Segment Start: DATA LISTING

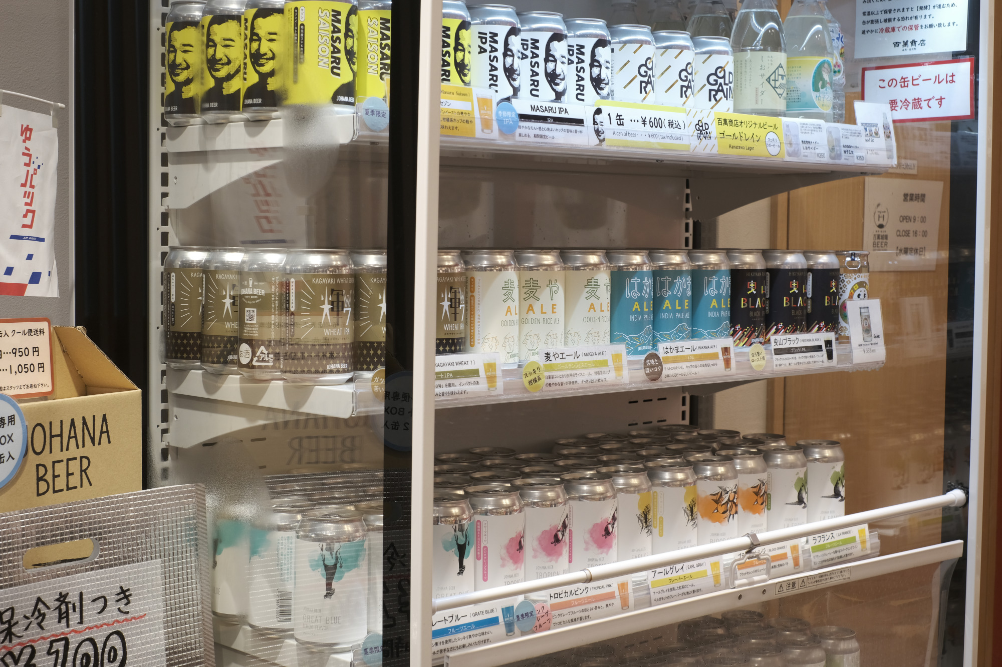 近江町市場の中でも一際おしゃれな佇まいの百萬商店さん。店頭のビアスタンドでは、工場直送の樽生クラフトビールも販売しています。石川県観光PRマスコットキャラクターの「ひゃくまんさん」グッズやオリジナル商品も人気です。店内の食品や雑貨のひとつひとつもこだわりのラインナップで、キラリと光るお土産が見つけられますよ!
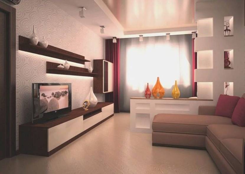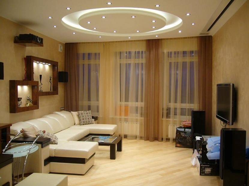 Интерьер гостиной хорошо сочетает в себе полки, ниши, гипсокартонные конструкции.
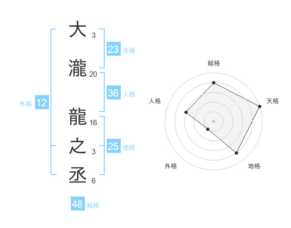 大瀧 龍之丞さんを姓名の画数から五運を鑑定
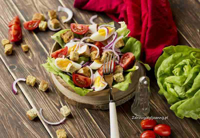 Sałatka z piersią z kurczaka i grzankami. Najlepsza sałatka z grillowanym kurczakiem…
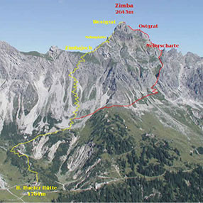 | Route / Details | Venerdì mattina presto partenza dal Ticino e via San Bernardino raggiungiamo Golm nel Montafon (AT). Da qui un bus alpino ci porta in quota da dove in meno di un'ora raggiungeremo la capanna Heinrich Hüter. Pomeriggio dedicato all'acclimatamento e possibilità di arrampicare attorno alla capanna. Sabato salita sulla Zimba seguendo la cresta est e discesa dalla cresta ovest. Domenica programma da definire a seconda della meteo e dei partecipanti con possibilità di ulteriori arrampicate e ritorno in Ticino | |
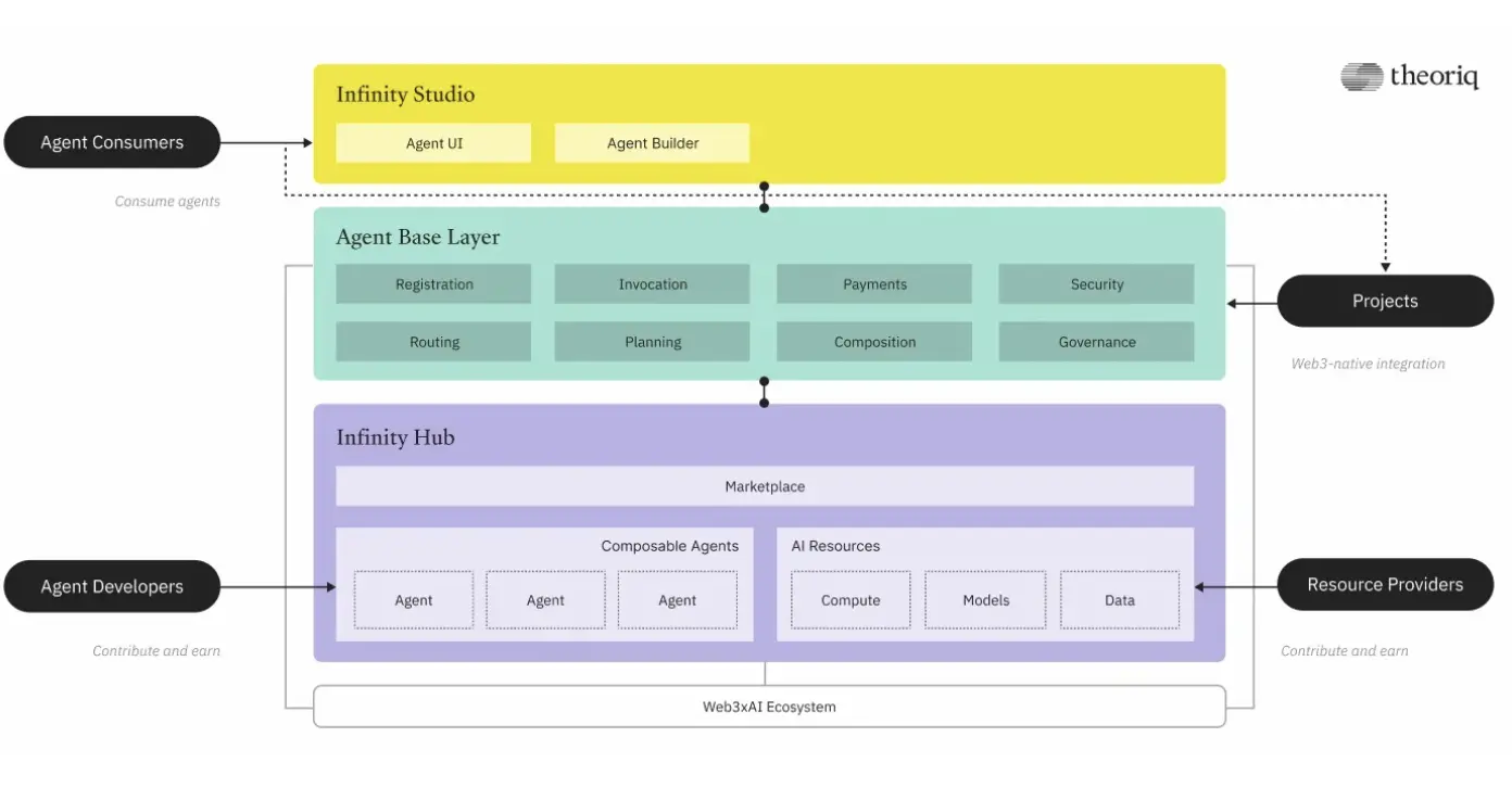 在 Theoriq 的设计中,单一模型并不重要,重要的是协作。不同专长的代理临时组成集群,共同完成复杂任务。价值来自协同,而不是某一个“最聪明”的 AI。
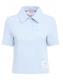 格纹花呢短袖POLO衫 - 浅蓝色 - 女士 - Thom Browne - 正面半开襟纽扣.
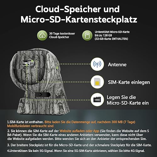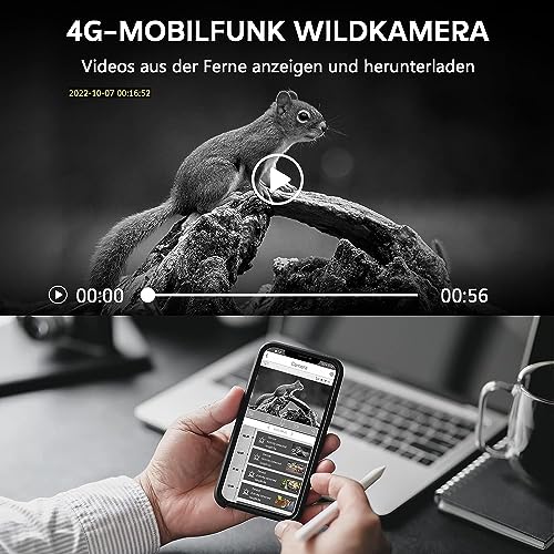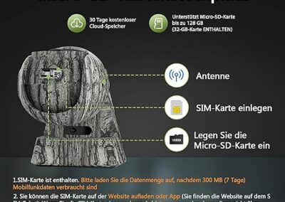 - Réseau cellulaire 4G pour un accès à distance : la caméra de chasse peut être connectée via le réseau mobile 4G dans l’application téléphone, ce qui vous permet de visualiser et de télécharger des vidéos en direct à distance. Convient pour les sentiers sauvages sans wifi. Livré avec carte SIM 4G prépayée (300 Mo de données de traçage gratuites pour la caméra de chasse gratuitement) pour l’essayer gratuitement. Cette caméra de chasse est une version européenne qui s’applique uniquement à l’Europe
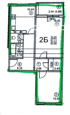 Общая площадь 61 кв. м. Кухня - 10,4 кв.м. Комнаты: 18,5 и 12,5 кв.м. Лоджия 5 кв.м. Гардеробная 2,4 кв.м. Высота потолков - 2,8 м. В доме 2 лифта: грузовой и пассажирский.
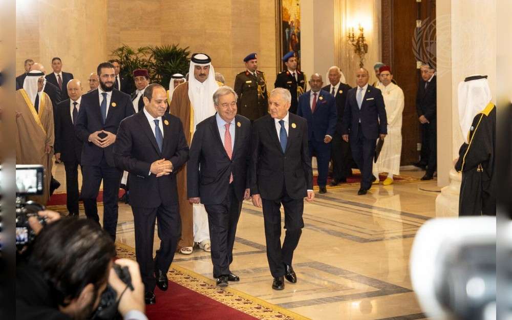 United Nations Secretary-General António Guterres (centre left in front) meets with Abdel Fattah El Sisi (at left in front), President of Arab Republic of Egypt on the sidelines of the Extraordinary Arab Summit on the situation in the Middle East and on Gaza reconstruction held in Cairo, Egypt on February 4,2025-UN Photo

Segment End: DATA LISTING

**WORK TO COMPLETE**
Please output the lines above beginning at the line with "in Ticino | |" and ending after the line with "格纹花呢短袖POLO衫 - 浅蓝色", precisely as written and with no pictures.

**TASK OUTPUT**
 | Route / Details | Venerdì mattina presto partenza dal Ticino e via San Bernardino raggiungiamo Golm nel Montafon (AT). Da qui un bus alpino ci porta in quota da dove in meno di un'ora raggiungeremo la capanna Heinrich Hüter. Pomeriggio dedicato all'acclimatamento e possibilità di arrampicare attorno alla capanna. Sabato salita sulla Zimba seguendo la cresta est e discesa dalla cresta ovest. Domenica programma da definire a seconda della meteo e dei partecipanti con possibilità di ulteriori arrampicate e ritorno in Ticino | |
 在 Theoriq 的设计中,单一模型并不重要,重要的是协作。不同专长的代理临时组成集群,共同完成复杂任务。价值来自协同,而不是某一个“最聪明”的 AI。
 格纹花呢短袖POLO衫 - 浅蓝色 - 女士 - Thom Browne - 正面半开襟纽扣.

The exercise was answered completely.